Phoebe lowered her eyes and a flush spread over her sunburned face.

“I forgot,” she said. “I was so unhappy that I forgot. It has helped me, oh, so many times when we have had no money. Many times we have been snowed in on the mountain without food and it has always come. It saved us from the Lupos. I was lonesome and it brought me friends.” She glanced at the girls busily preparing lunch and at Ben and Percy talking in low voices on the porch.

“Don’t you think it will help you now?”

“It has left me. I can’t find it,” replied poor Phoebe. “It is because I am so frightened. It never comes if you are frightened.”

“My child,” said the good doctor, “you are worn out. You must have lunch and take a good rest. In the meantime we will do everything we can to find your father. Perhaps he has lost his way and is wandering in the woods somewhere.”

“No,” said Phoebe, shaking her head miserably, “he never loses his way. He knows the trails better than I do myself.”

The doctor himself brought Phoebe a tray of lunch. She was ravenously hungry.

“The poor little thing hasn’t eaten for hours,” he thought, glancing at her covertly, as he returned with a basin of water, a soft towel and Miss Campbell’s private bottle of eau de cologne. When she had finished eating, he made her stretch out on the divan while he gave her faceand hands and wrists an aromatic bath. Never before had Phoebe been ministered to and waited on. She smiled at the doctor with dumb gratitude.

“When people are hungry and tired and discouraged, they have a pretty hard time holding on to their faith, Phoebe,” he said. “Even when they haven’t anything to worry about, it’s hard enough. You go to sleep now and I promise you we will start on the search for your father at once.”

Phoebe raised her eyes gratefully to his. In those clear brown depths she read strength, gentleness and sympathy. She felt she was looking into the face of an angel with a shiny bald head and shaggy red-gray eyebrows.
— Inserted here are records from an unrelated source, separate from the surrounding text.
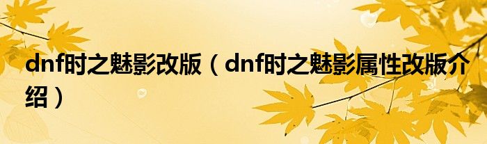 大家好,太太来为大家解答以上问题。dnf时之魅影改版,dnf时之魅影属性改版介绍很多人还不知道,现在让我们一起来看看吧!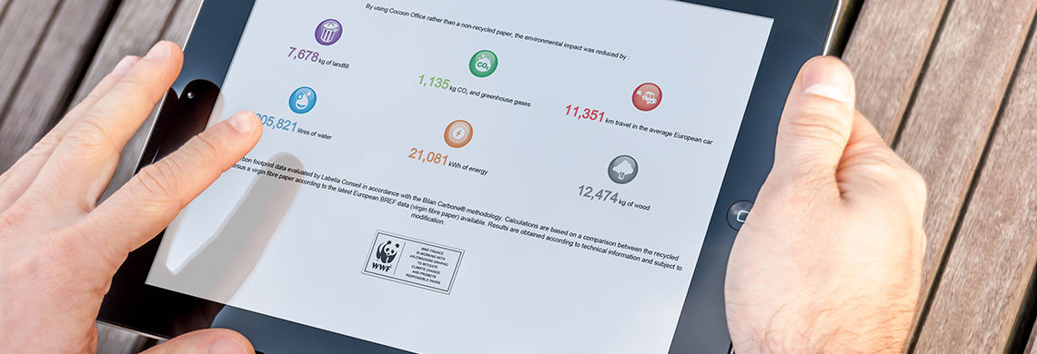 Our environmental calculator helps you to measure precisely the difference using Cocoon recycled paper makes in terms of: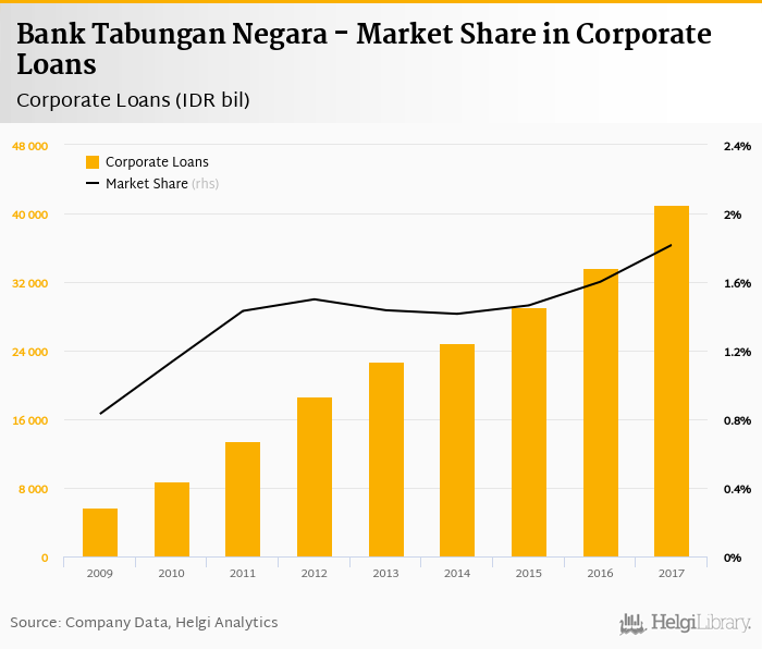 Bank Tabungan Negara's corporate loans reached IDR 41,031 bil in 2017, up 21.8% compared to the previous year.

“I believe God sent you,” she said, and in a few moments dropped off into a deep exhausted sleep.

After luncheon or dinner, whatever that meal might be called in camp, Percy got out his motorcycle and proceeded to the Antler’s Inn to ask for news of Phoebe’s father. Ben took the trail to Indian Head and Billie and Dr. Hume went down to the village in the motor car to drum up a search party or find guides to help them scour the mountains. In neither attempt were they in the least successful.

On the way down the mountain, Billie decided to unburden herself of something that had been on her mind for a long time.

“You have never seen Phoebe’s father, have you, Dr. Hume?”

The doctor shook his head.

“Have you ever heard of a case like his? I mean forgetting one’s past.”

“Oh, yes. I have seen a number of cases. The patient usually loses his memory altogether in time and goes insane.”

“But he’s not insane, doctor. He’s not even going insane. Really and truly, except about always trying to find a physician, his brain is as clear as anybody’s.”

The doctor smiled. He liked this earnest, enthusiastic girl who was always doing things for other people and modestly disclaiming credit. There was something masculine in her disregard for small things and the largeness of her views.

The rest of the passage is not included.